14. The computer-readable medium of claim 13, further comprising detecting availability of the update to the first application, wherein determining which of the plurality of features is affected by the update is based on detecting availability of the update.

15. The computer-readable medium of claim 13, further comprising identifying a first code unit that maps to the first affected feature based, at least in part, on determining that the first user dependent usage statistics for the first affected feature satisfy the update criterion, wherein providing at least part of the first update comprises providing the first code unit identified as mapping to the first affected feature.

16. The computer-readable medium of claim 15, wherein identifying the first code unit comprises determining which code units of the first application map to the first affected feature and identifying the first code unit as being a modified version of at least one of the code units that map to the first affected feature.

17. The computer-readable medium of claim 15, wherein identifying the first code unit comprises determining that information in the update indicates a correlation between the first code unit and the first affected feature.

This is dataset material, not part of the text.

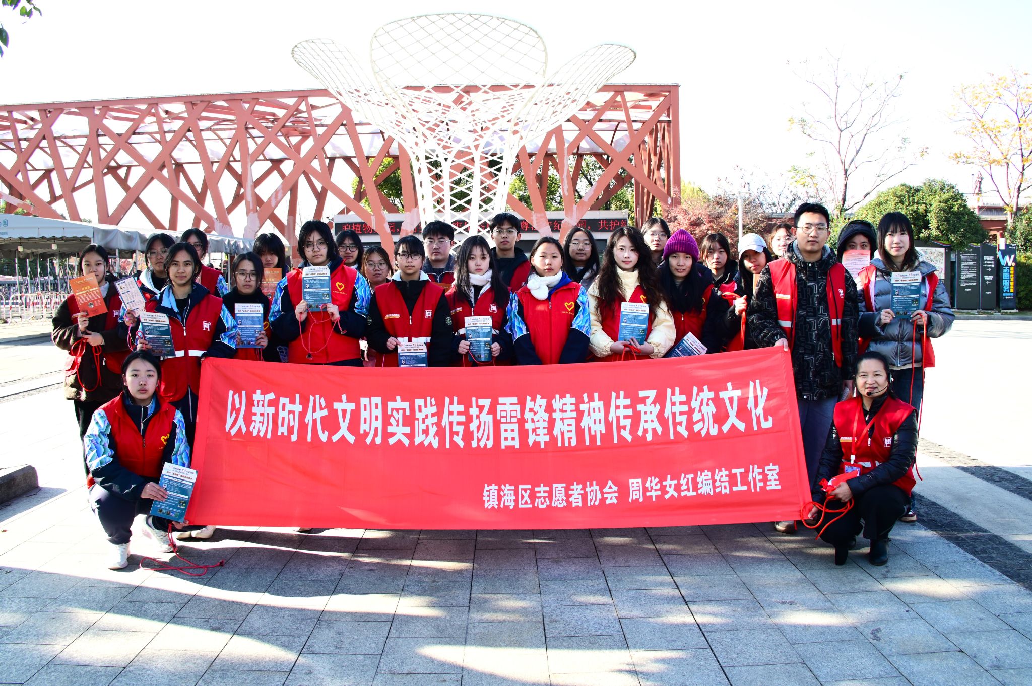 青年志愿者协会联合宁波市镇海区平安志愿服务协会,在宁波植物园开展“以新时代文明实践传扬雷锋精神传承传统文化”志愿服务活动,15名青年志愿者巧妙融合非遗技艺、实用安全技能与平安社区建设,带领市民在手工体验中感受传统魅力,增强安全意识。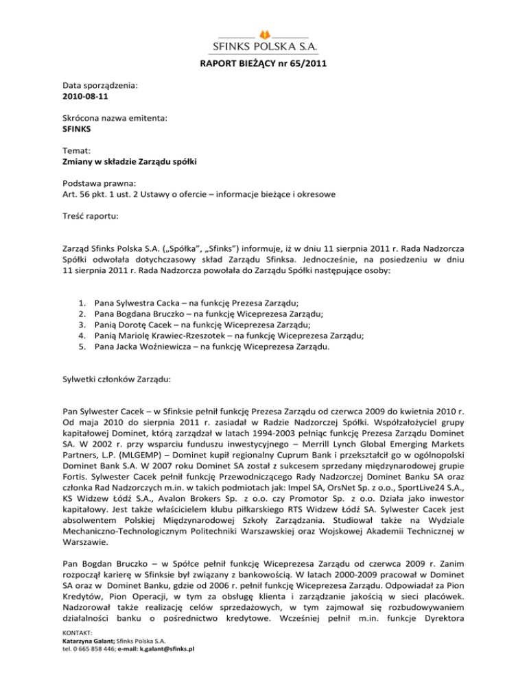 RAPORT BIEŻĄCY nr 65/2011 Data sporządzenia: 2010-08-11 Skrócona nazwa emitenta: SFINKS Temat: Zmiany w składzie Zarządu spółki Podstawa prawna: Art. 56 pkt. 1 ust. 2 Ustawy o ofercie – informacje bieżące i okresowe Treść raportu: Zarząd Sfinks Polska S.A. („Spółka”, „Sfinks”) informuje, iż w dniu 11 sierpnia 2011 r. Rada Nadzorcza Spółki odwołała dotychczasowy skład Zarządu Sfinksa. Jednocześnie, na posiedzeniu w dniu 11 sierpnia 2011 r. Rada Nadzorcza powołała do Zarządu Spółki następujące osoby: 1. 2. 3. 4. 5. Pana Sylwestra Cacka – na funkcję Prezesa Zarządu; Pana Bogdana Bruczko – na funkcję Wiceprezesa Zarządu; Panią Dorotę Cacek – na funkcję Wiceprezesa Zarządu; Panią Mariolę Krawiec-Rzeszotek – na funkcję Wiceprezesa Zarządu; Pana Jacka Woźniewicza – na funkcję Wiceprezesa Zarządu. Sylwetki członków Zarządu: Pan Sylwester Cacek – w Sfinksie pełnił funkcję Prezesa Zarządu od czerwca 2009 do kwietnia 2010 r. Od maja 2010 do sierpnia 2011 r. zasiadał w Radzie Nadzorczej Spółki. Współzałożyciel grupy kapitałowej Dominet, którą zarządzał w latach 1994-2003 pełniąc funkcję Prezesa Zarządu Dominet SA. W 2002 r. przy wsparciu funduszu inwestycyjnego – Merrill Lynch Global Emerging Markets Partners, L.P. (MLGEMP) – Dominet kupił regionalny Cuprum Bank i przekształcił go w ogólnopolski Dominet Bank S.A. W 2007 roku Dominet SA został z sukcesem sprzedany międzynarodowej grupie Fortis. Sylwester Cacek pełnił funkcję Przewodniczącego Rady Nadzorczej Dominet Banku SA oraz członka Rad Nadzorczych m.in. w takich podmiotach jak: Impel SA, OrsNet Sp. z o.o., SportLive24 S.A., KS Widzew Łódź S.A., Avalon Brokers Sp. z o.o. czy Promotor Sp. z o.o. Działa jako inwestor kapitałowy. Jest także właścicielem klubu piłkarskiego RTS Widzew Łódź SA. Sylwester Cacek jest absolwentem Polskiej Międzynarodowej Szkoły Zarządzania. Studiował także na Wydziale Mechaniczno-Technologicznym Politechniki Warszawskiej oraz Wojskowej Akademii Technicznej w Warszawie. Pan Bogdan Bruczko – w Spółce pełnił funkcję Wiceprezesa Zarządu od czerwca 2009 r. Zanim rozpoczął karierę w Sfinksie był związany z bankowością. W latach 2000-2009 pracował w Dominet SA oraz w Dominet Banku, gdzie od 2006 r. pełnił funkcję Wiceprezesa Zarządu. Odpowiadał za Pion Kredytów, Pion Operacji, w tym za obsługę klienta i zarządzanie jakością w sieci placówek. Nadzorował także realizację celów sprzedażowych, w tym zajmował się rozbudowywaniem działalności banku o pośrednictwo kredytowe. Wcześniej pełnił m.in. funkcje Dyrektora KONTAKT: Katarzyna Galant; Sfinks Polska S.A. tel. 0 665 858 446; e-mail: [email protected] Departamentu Ryzyka Kredytowego i Zastępcy Dyrektora w Departamencie Windykacji. Ukończył Finanse i Bankowość na Akademii Ekonomicznej w Poznaniu. Pani Dorota Cacek – od początku lat 90-tych związana z sektorem finansów i bankowości. W 1993 roku objęła funkcję Wiceprezesa Zarządu Dominet SA. W latach 2001-2002 aktywnie współuczestniczyła w negocjacjach zmierzających do pozyskania inwestora – amerykańskiego funduszu private equity Merrill Lynch Global Emerging Markets Partners L.P., przy wsparciu którego Dominet S.A. zakupił regionalny Cuprum Bank. Od 2002 roku zaangażowana była w proces jego budowy i przekształcania w ogólnopolski Dominet Bank. Jako Wiceprezes Zarządu banku w latach 2002-2007 odpowiadała za politykę personalną, komunikację wewnętrzną oraz relacje z mediami. Nadzorowała także rozwój sieci placówek terenowych i działania marketingowe. W 2007 roku Dominet SA został z sukcesem sprzedany międzynarodowej grupie Fortis. W latach 2002-2007 była Wiceprzewodniczącą Rady Nadzorczej Dolnośląskiej Szkoły Bankowej. W 2009 roku weszła do Rady Nadzorczej spółki Redan, gdzie pełni funkcję Wiceprzewodniczącej. W latach 2010-2011 zasiadała w Radzie Nadzorczej RTS Widzew Łódź SA, również w roli Wiceprzewodniczącej. Ukończyła filologię angielską na Uniwersytecie Warszawskim oraz liczne szkolenia z zakresu bankowości i marketingu w USA. Obecnie Dorota Cacek działa jako inwestor kapitałowy. Pani Mariola Krawiec-Rzeszotek – od kwietnia 2010 r. pełniła funkcję Prezesa Zarządu Sfinksa. Menedżer z wieloletnim doświadczeniem w dziedzinie zarządzania. Przez ponad 15 lat działa w branży finansowej. W latach 2002 – 2007 pełniła funkcję Wiceprezesa Dominet Banku, gdzie odpowiadała m.in. za politykę kredytową i zarządzanie ryzykiem kredytowym banku, politykę tworzenia rezerw, windykację należności, budowanie i wdrażanie zarządzania procesowego oraz koordynację zarządzania informacją. Wcześniej w latach 1993 – 2002 pracowała w zarządzie Dominet SA, gdzie przez pierwsze 2 lata pełniła funkcję Prezesa Zarządu, a następnie Wiceprezesa Zarządu. Od 2007 r. zasiada w radach nadzorczych spółek OrsNet i Sportlive24. Jako Prezes Zarządu nadzoruje działalność spółek z branży nieruchomości Etob Warszawa Sp. z o.o. oraz Maran Development Sp. z o.o. Jest absolwentką Akademii Wychowania Fizycznego w Poznaniu oraz studium podyplomowego z zakresu bankowości na Uniwersytecie Warszawskim. Ukończyła również liczne szkolenia, m.in. z zakresu zarządzania finansowego, zarządzania personelem oraz ryzyka kredytowego w banku. Pan Jacek Woźniewicz – pełnił funkcję Wiceprezesa Zarządu w Sfinksie od maja 2010 r. Wcześniej związany był z instytucjami rynku finansowego. W latach 2009-2010 pracował w Fortis Bank Polska SA, gdzie pełnił funkcję Zastępcy Dyrektora Departamentu Zarządzania Kapitałem, ALM i Finansowania. Wcześniej związany był z Cuprum Bankiem SA (1998-2002), a następnie z Dominet Bankiem SA (2002 – 2009), gdzie pełnił funkcję Dyrektora Departamentu Zarządzania Aktywami i Pasywami, a następnie Dyrektora Departamentu Ryzyk i Kontrolingu. Odpowiadał m.in. za

18. An apparatus comprising:

a processor; and

a computer-readable medium having instructions stored thereon that are executable by the processor to cause the apparatus to,

determine which of a plurality of features is affected by an update to a first application, wherein the plurality of features is of the first application;

determine whether one or more affected features satisfies an update criterion based, at least in part, on first user dependent usage statistics of the one or more affected features, wherein second user dependent usage statistics of the first application have been previously collected from at least a first device on which the first application is installed and the second user dependent usage statistics include the first user dependent usage statistics; and

based on a determination that the first user dependent usage statistics of at least a first affected feature satisfy the update criterion, provide at least a part of the first update for updating the first application on the first device.

19. The apparatus of claim 18, wherein the computer-readable medium further has instructions executable by the processor to cause the apparatus to detect availability of the update to the first application, wherein determination of which of the plurality of features is affected by the update is based on detection of availability of the update.

20. The apparatus of claim 18, wherein the computer-readable medium further has instructions executable by the processor to cause the apparatus to identify a first code unit that maps to the first affected feature based, at least in part, on a determination that the first user dependent usage statistics for the first affected feature satisfy the update criterion, wherein the instructions to provide at least part of the first update comprise instructions executable by the processor to cause the apparatus to provide the first code unit identified as mapping to the first affected feature.